In the Pakistani context, the appearance of text in visual art is not contained within a chronological or genre-specific category. By mid-twentieth century, art emerging from this region often had close ties with literature and illustration. Artists such as Sadequain attempted to imagine word and visual as simultaneous and equal acts on the same surfaces, with varying degrees of success. Subsequently, dominant Western art history trends, due to their accessibility and ideological propagation have been a natural though often re-examined influence. Access to university education also encouraged engagement with linguistic philosophy, semiotics and the nature of image, giving rise a few conceptual works that focused on immateriality, temporality, dis-ownership and precarious notions of reality. Text thus appears in service of these ideas as visual, metaphor, irony and other in the works of Quddus Mirza, Rashid Rana and Ayaz Jokhio. On the other hand, Mohammad Ali Talpur attempts to “make art without content” using minimalist vocabulary constructed with truncated and manipulated calligraphy. Some artists such as Fazal Rizvi and Rabbya Naseer favor the meaning of the text for which the format of the presentation is not exclusively important. This approach takes a holistic view of perception that is simultaneously visual and literary.

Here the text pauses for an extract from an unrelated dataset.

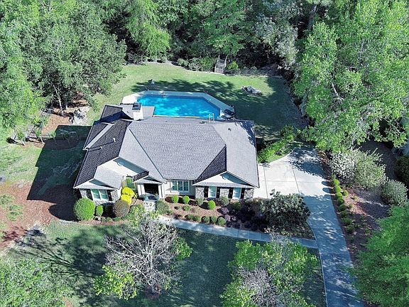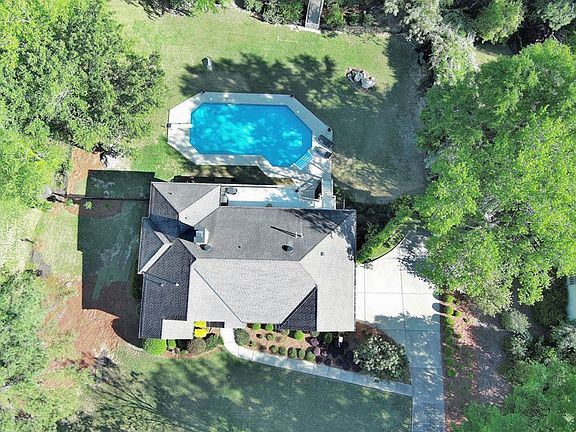 Welcome to this charming and thoughtfully designed home located in Green Island Hills, offering 5 spacious bedrooms, 4 full bathrooms, and hardwood floors throughout. Step through the front door into an inviting open-concept great room, highlighted by elegant trey ceilings and an abundance of natural light. The great room flows effortlessly into the dining area, creating an ideal space for hosting guests or enjoying everyday moments with family. The kitchen is a chef's delight, featuring stainless steel appliances, granite countertops, and convenient access to the back deck—perfect for outdoor dining, grilling, or soaking up the sunshine. The main-level primary suite serves as a peaceful retreat, complete with a luxurious ensuite bath featuring dual vanities, a soaking tub, separate shower, and two spacious walk-in closets. Also on the main level is a second bedroom and full bath, currently utilized as a home office—offering versatility to meet your lifestyle needs. Downstairs, the fully finished walk-out basement is designed with comfort and privacy in mind. It includes three additional bedrooms, two full bathrooms, a large living area, a kitchenette, and a generous storage room. Walk out from this level to a stunning backyard oasis, where you'll find an in-ground pool, manicured lawn, and plenty of room for guests, pets, and outdoor fun. For added convenience, an exterior storage room offers ample space for garden tools, pool accessories, or yard equipment—keeping everything organized and out of sight.

In present times, text features in visual art in a myriad of ways, both in physical form, meaning and significance. Moreover, technological advancements enable its proliferation, easy dissemination across time and space, and appearance on a variety of visual interfaces that may be as intangible as instantaneous social media. The word “text” despite carrying weighty theoretical connotations, is most often used to mean a mobile phone message, which in itself is hardly textual when punctured so creatively with visual emoticons. However, when problems of art become those of ideas, linguistics and philosophy, it necessary that the debate develops nuances that continues to excite mystery by furthering ontological demarcations. As it is, the use of text in art as challenge to the discipline runs the risk of repeating the same question till it is internalized and assimilated by the same organism it threatens.
Madyha Leghari is a visual artist, writer and a graduate in Fine Arts from the National College of Arts. She lives in Lahore.